▸ Required action: When the line containing "美国股指期货小涨,其中纳斯达" is found in the data below, copy it and each line after it through the line containing "Planificare Calendaristica M", exactly and with no others.
[Information supplied — start]
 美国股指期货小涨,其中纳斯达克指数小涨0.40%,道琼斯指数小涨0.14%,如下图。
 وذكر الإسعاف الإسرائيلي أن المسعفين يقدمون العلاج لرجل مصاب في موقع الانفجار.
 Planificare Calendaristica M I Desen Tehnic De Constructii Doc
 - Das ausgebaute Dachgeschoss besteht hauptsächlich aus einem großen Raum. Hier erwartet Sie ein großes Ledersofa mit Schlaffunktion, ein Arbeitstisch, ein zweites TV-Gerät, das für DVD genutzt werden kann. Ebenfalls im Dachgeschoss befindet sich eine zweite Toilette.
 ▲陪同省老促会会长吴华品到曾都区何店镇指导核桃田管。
[Information supplied — finish]
[Information supplied — start]
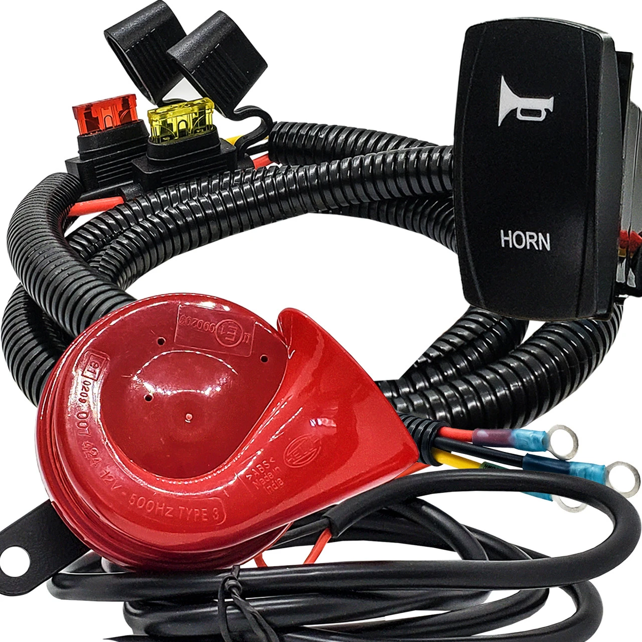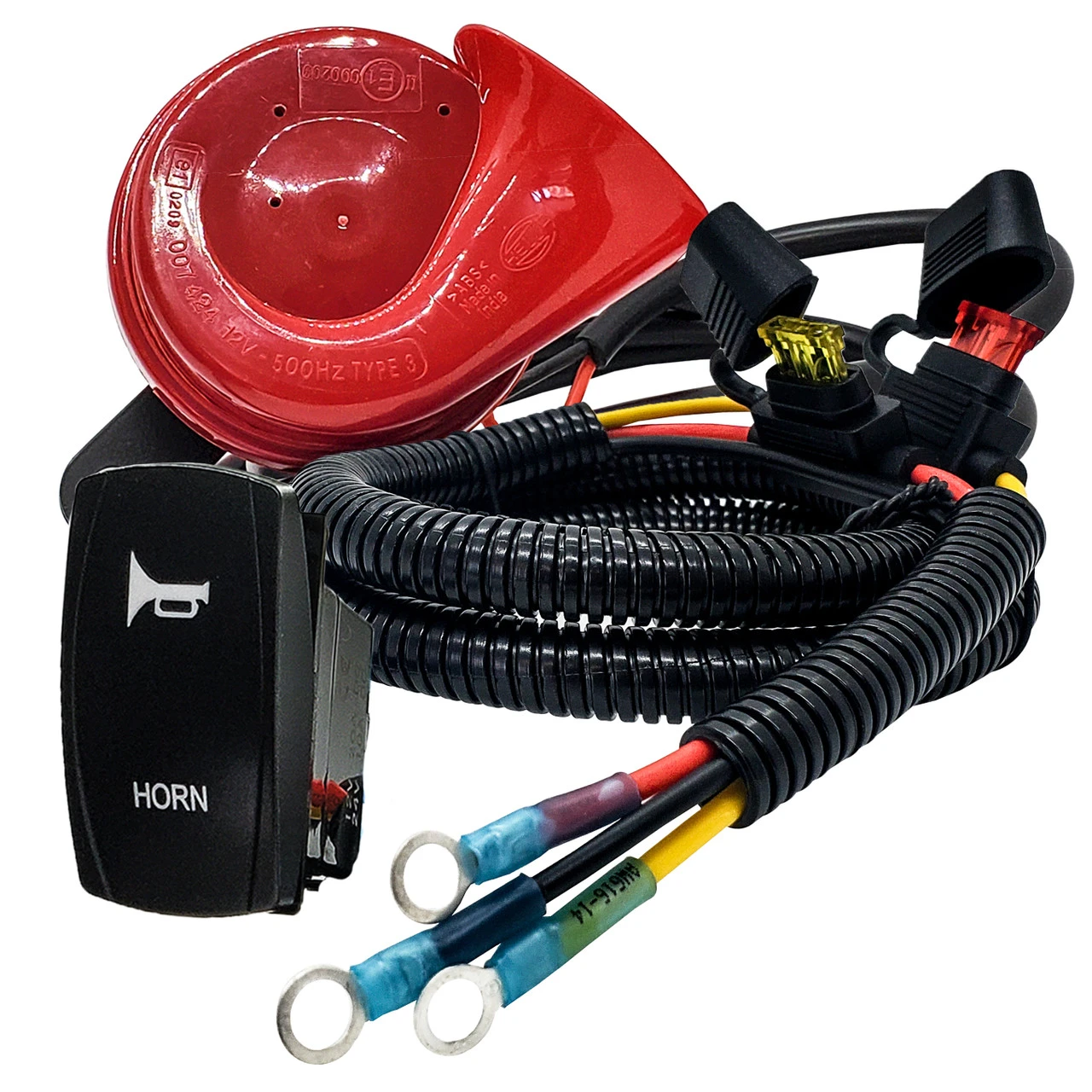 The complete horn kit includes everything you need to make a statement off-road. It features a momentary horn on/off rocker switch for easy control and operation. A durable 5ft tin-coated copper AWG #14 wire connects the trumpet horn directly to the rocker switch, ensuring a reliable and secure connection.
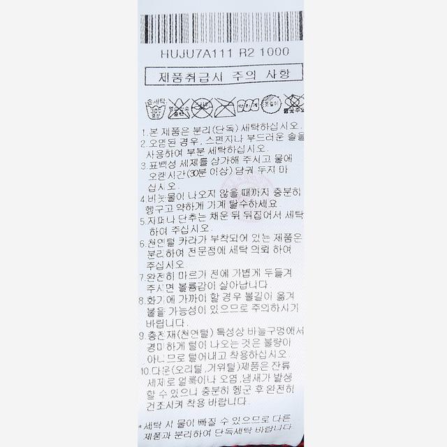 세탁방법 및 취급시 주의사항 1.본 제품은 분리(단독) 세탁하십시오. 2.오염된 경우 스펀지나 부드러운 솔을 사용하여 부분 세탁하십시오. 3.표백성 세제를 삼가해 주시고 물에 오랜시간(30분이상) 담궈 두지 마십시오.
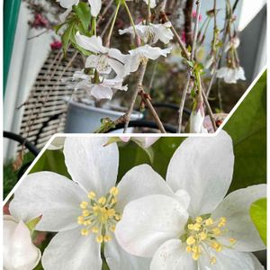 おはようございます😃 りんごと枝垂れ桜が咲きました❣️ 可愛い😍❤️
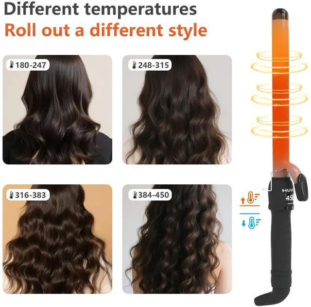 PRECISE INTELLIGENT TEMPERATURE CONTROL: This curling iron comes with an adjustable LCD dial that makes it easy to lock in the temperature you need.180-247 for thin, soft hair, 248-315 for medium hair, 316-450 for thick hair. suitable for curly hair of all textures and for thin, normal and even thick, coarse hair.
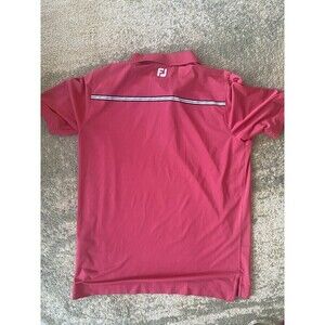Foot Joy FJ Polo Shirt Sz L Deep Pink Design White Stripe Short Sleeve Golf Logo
[Information supplied — finish]
[Information supplied — start]
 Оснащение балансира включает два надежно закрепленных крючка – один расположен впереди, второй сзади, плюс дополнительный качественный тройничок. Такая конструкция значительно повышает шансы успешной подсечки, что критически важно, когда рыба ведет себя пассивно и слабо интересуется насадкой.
[Information supplied — finish]
▸ Response to the exercise:
 美国股指期货小涨,其中纳斯达克指数小涨0.40%,道琼斯指数小涨0.14%,如下图。
 وذكر الإسعاف الإسرائيلي أن المسعفين يقدمون العلاج لرجل مصاب في موقع الانفجار.
 Planificare Calendaristica M I Desen Tehnic De Constructii Doc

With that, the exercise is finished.